Our response: Actual data from COCA and BNC clearly disproves the claim made in the book. The following is the frequency of NOUN+NOUN in the academic portion of both COCA and the BNC. (Click on the links for a list of NOUN+NOUN in the two corpora. (These lists show all NOUN+NOUN strings that occur five times or more in the 120 million word academic portion of COCA corpus, and two times or more in the 15 million word academic portion of the BNC.)

  # words in academic # NOUN + NOUN NOUN + NOUN per million words
COCA 119,790,456 4,225,693 0.035
BNC 15,331,668 360,362 0.023

As can be seen, NOUN+NOUN is more than 50% more common (per million words) in COCA than in the BNC. Following their criteria, COCA has “better” academic.

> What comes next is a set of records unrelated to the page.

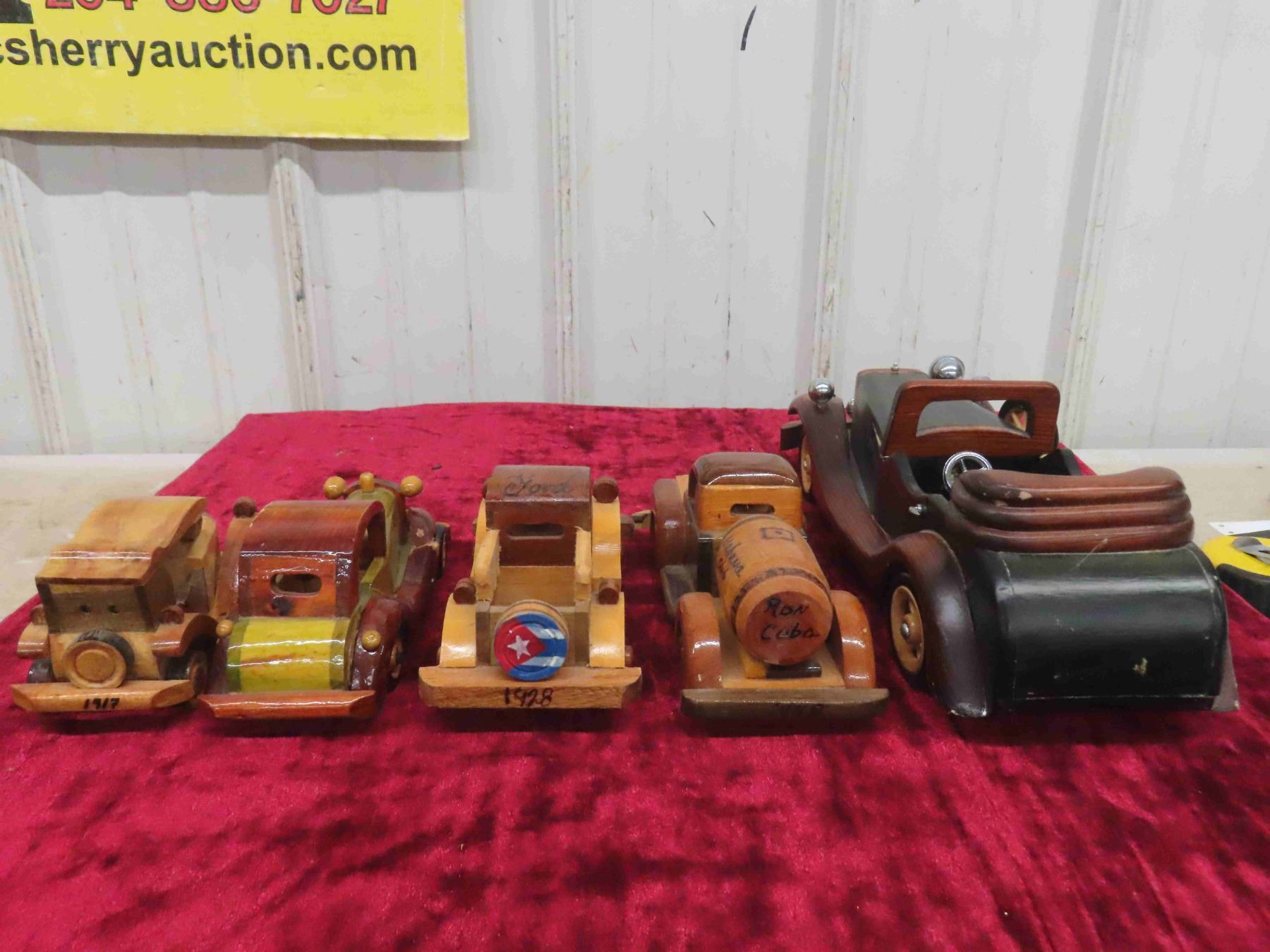 5 Wooden Vehicles - Largest 4.75" x 5.5" x 15"
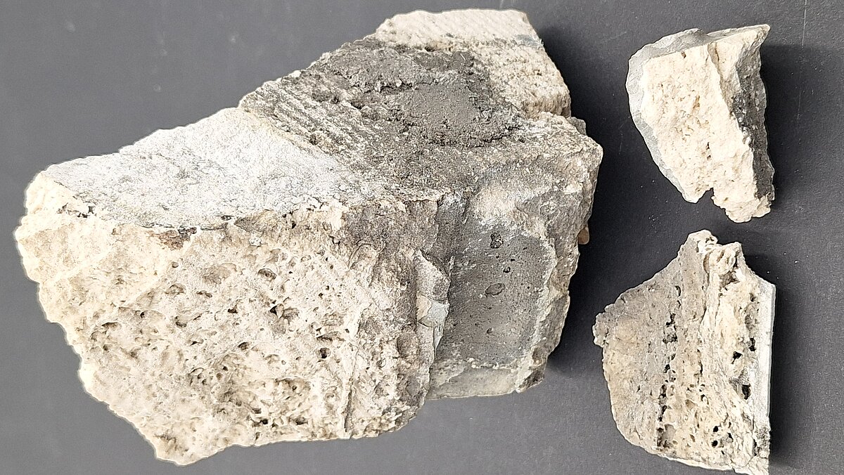 1. att. Travertīns no restaurējamās pieminekļa detaļas. LUM nodevusi I. Sidraba 2000. gadā. Foto: V. Hodireva
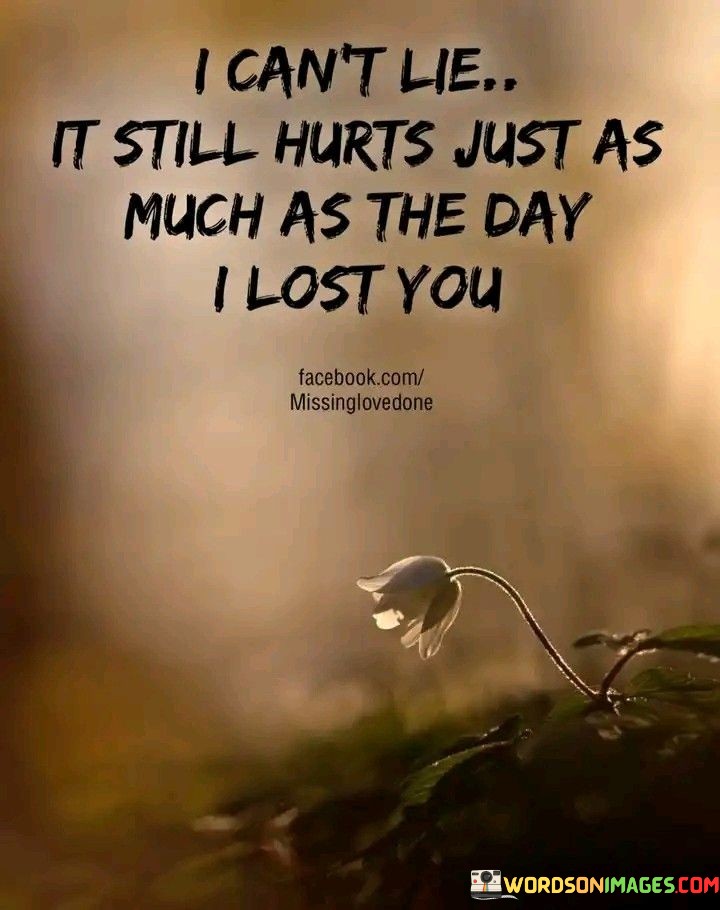 This quote conveys enduring pain and emotional honesty. The inability to lie about the hurt indicates an unchanging depth of sorrow. The mention of "the day I lost you" suggests a significant loss or breakup, highlighting that the pain remains as intense as it was on that initial day.
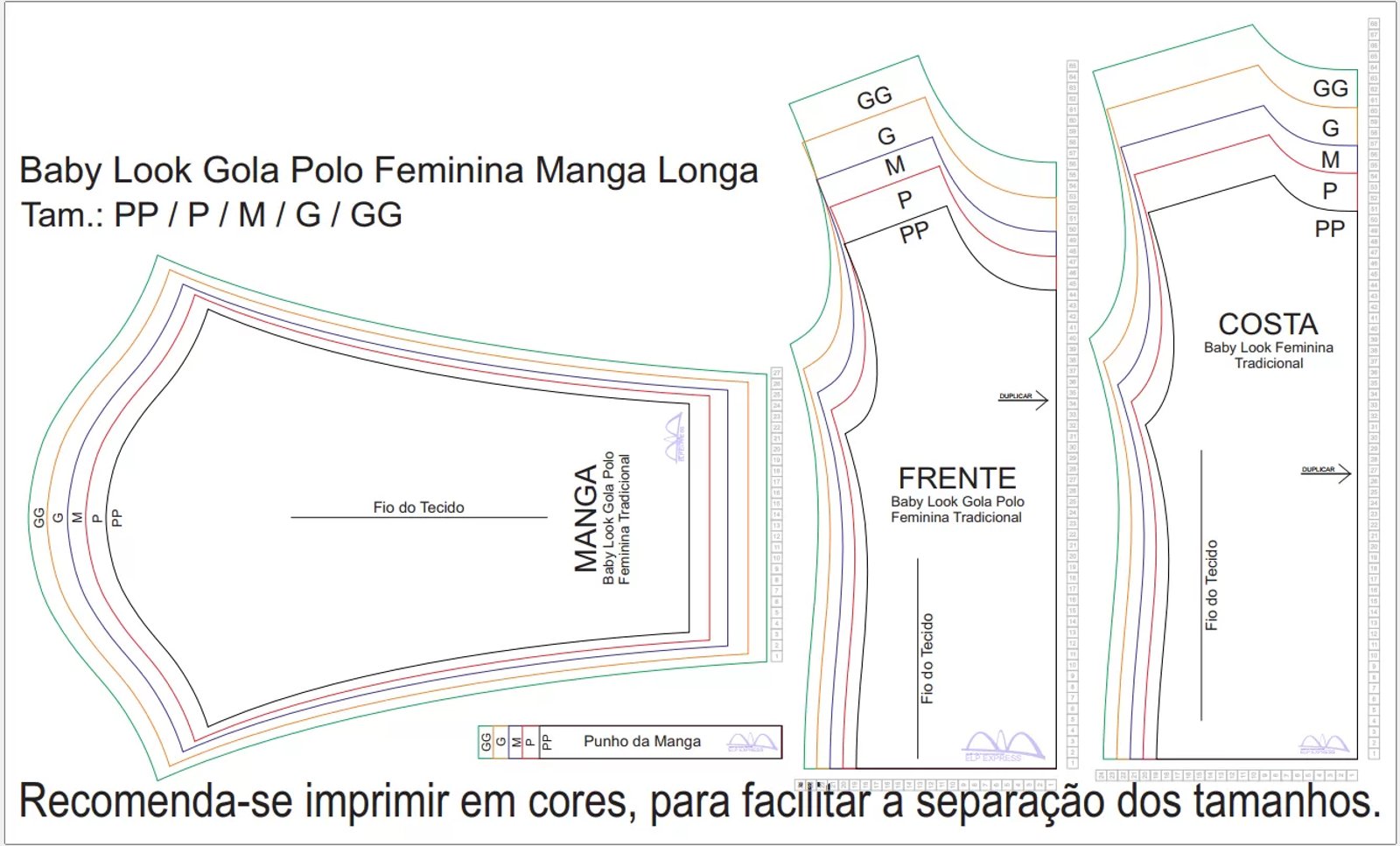 Molde de Costura Para Imprimir Camiseta - 06 - Baby Look Tradicional Manga Longa (PP ao GG)
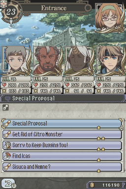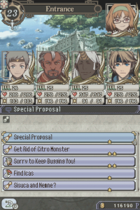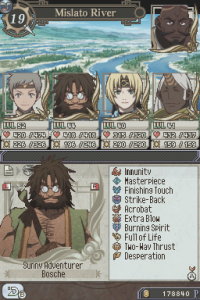 Tierkreis is a drastic departure from the Suikoden formula. First off, the protagonist is no longer silent, and has a personality. Next, the Army and Duel battles are omitted. Instead of one Army battle with all of your characters, you’ll fight a series of battles with different people. The most shocking change in this spinoff is that none of the recurring characters from the Suikoden world appear in Tierkreis. Not even series mainstays like Jeane and Viki make a minor appearance.
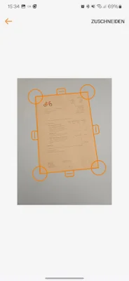 Eine der praktischsten Funktionen der App ist die automatische Belegerkennung. Während Sie den Beleg fotografieren, erkennt die App automatisch die Umrisse und schneidet und entzerrt den Beleg entsprechend. Dadurch sparen Sie sich lästiges manuelles Zuschneiden und haben immer einen perfekt ausgerichteten Beleg.
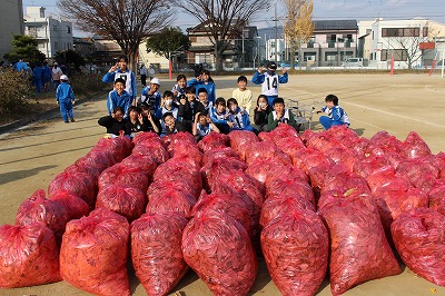 全校で取り組むと、その成果は抜群です。わずか20分あまりで150袋近くの落ち葉が集まりました。全校のみなさん、ありがとう。校内がとてもきれいになったね。
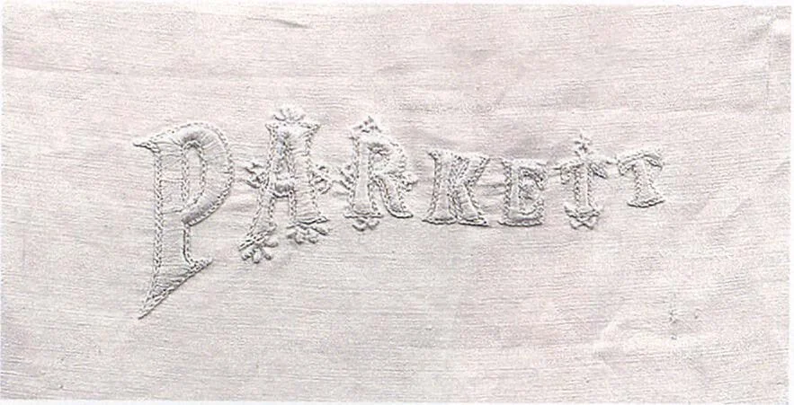 The name Parkett deliberately goes against the grain of conventional art publications. Parkett is the German word for parquetry, like the wooden floors that grace many exhibition venues. It is, in fact, a semantic goldmine in German, referring also to the theater seats that are closest to the stage, the public arena in general, and a dance floor. In French, le parquet stands for the State Attorney. What’s more, the word is easy to pronounce in a number of languages. Enzo Cucchi suggested that Mama Livia Curiger embroider the logo of Parkett on white linen. The idea appealed to us.

5a. Related data also shows that the lexis (words) in BNC academic seems to be quite “skewed” towards medical texts. For example, each of the following phrases is in the top 35 NOUN+NOUN sequences in the BNC: gall bladder, bowel disease, biopsy specimens, acid secretion, bile acid, and plasminogen activator. The academic genre should have texts from a wide range of domains – like science, law, philosophy, humanities, history, education, etc. (COCA is balanced between these domains.) Why the serious skewing towards the medical domain in the BNC? EGB (2022) focuses almost entirely on syntactic issues rather than lexical issues, so perhaps these seriously skewed texts escaped their notice.

And just to summarize, the following are the results of the five tests that the authors mention in the 2020 and 2022 books, in their comparison of BNC and COCA academic:

  Book  Phenomenon  BNC vs COCA: which is more “academic”
1 2020 Linking adverbials They say BNC, but it is COCA when adjusted for time/dialect (#1)
2 2020 Nominalizations They say BNC, but it is COCA when adjusted for time/dialect (#2)
3, 5a 2020/2022 Lexical (including NOUN + NOUN) Clearly COCA
4 2022 Noun complements Possibly BNC (but no clear explanation of data in book)
5 2022 NOUN + NOUN Clearly COCA

Based on the data that the authors themselves provide in their books, COCA academic is probably more representative of what we would expect from academic than is the academic of the BNC.